BRIEF: Starting at the first line of the listing below, retype each line up to and including the one that contains "A Saint-Paul, Jean-Jacques". Leave pictures out.

GIVEN INFORMATION:
============================================================

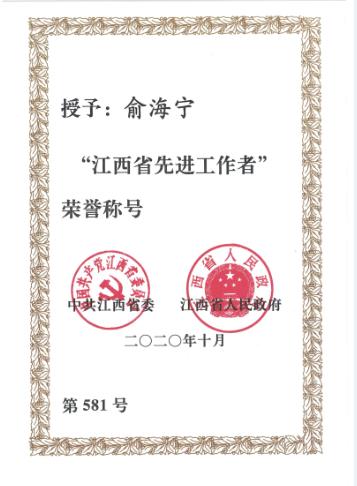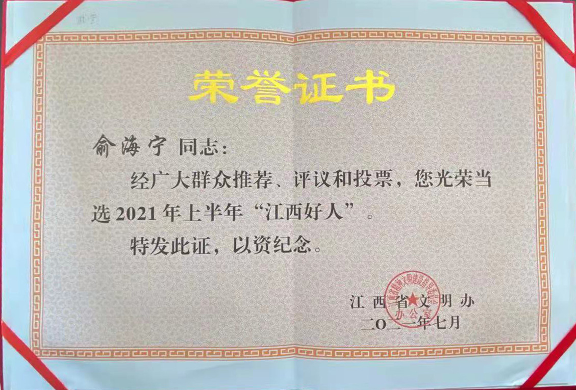 他对教育事业做出了突出贡献,他的师德、师风、师技得到了县市省教育部门的高度肯定。2020年10月,他被江西省省委、省政府授予“江西省先进工作者”。2021年7月,又被江西省文明办评为“江西好人”。
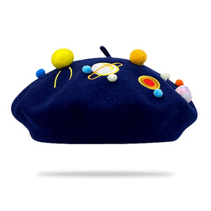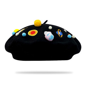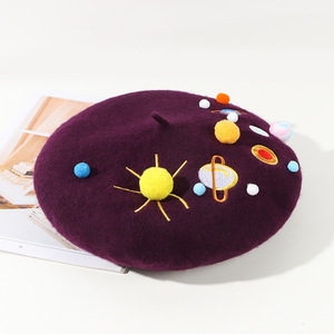 秋冬新款宇宙星球贝雷帽外贸跨境专供款刺绣羊毛呢画家帽保暖百搭
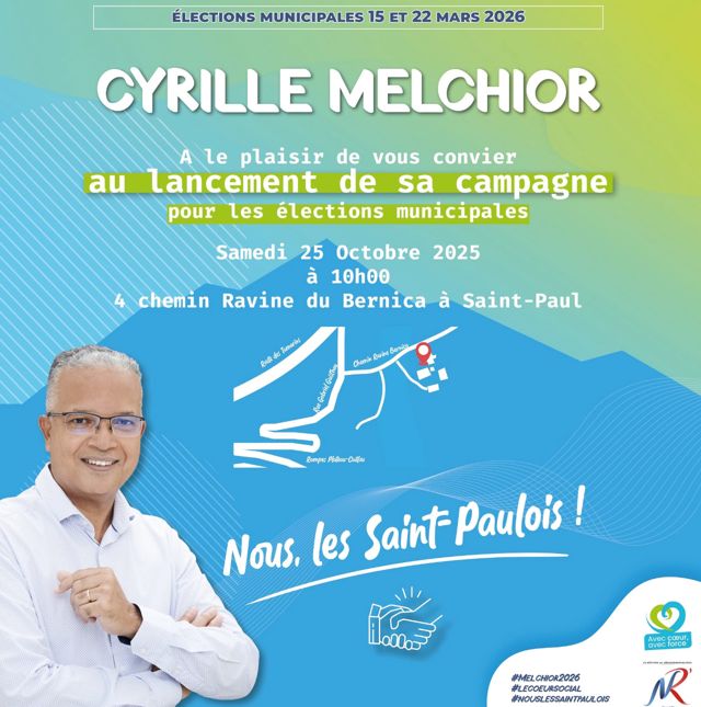 A Saint-Paul, Jean-Jacques Charolais, s’est déclaré via un communiqué de presse ce mercredi 22 octobre ; Alix Jean Mera, ce jeudi 22 octobre, lui aussi, à travers un communiqué de presse. Cyrille Melchior annoncera sa candidature ce samedi à chemin Ravine du Bernica, à 10 heures.
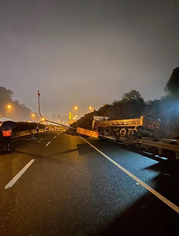 國10.1K原本崩落處,今晚再度塌方,範圍也擴大,不少土石今晚崩落到主線道的一線車道上,路燈也倒下橫在主線道,高公局因此將主線道也封閉,持續搶修中。基隆要南下目前只剩下國3和平面道路可通。

============================================================

SOLUTION TO THIS TASK:
 他对教育事业做出了突出贡献,他的师德、师风、师技得到了县市省教育部门的高度肯定。2020年10月,他被江西省省委、省政府授予“江西省先进工作者”。2021年7月,又被江西省文明办评为“江西好人”。
 秋冬新款宇宙星球贝雷帽外贸跨境专供款刺绣羊毛呢画家帽保暖百搭
 A Saint-Paul, Jean-Jacques Charolais, s’est déclaré via un communiqué de presse ce mercredi 22 octobre ; Alix Jean Mera, ce jeudi 22 octobre, lui aussi, à travers un communiqué de presse. Cyrille Melchior annoncera sa candidature ce samedi à chemin Ravine du Bernica, à 10 heures.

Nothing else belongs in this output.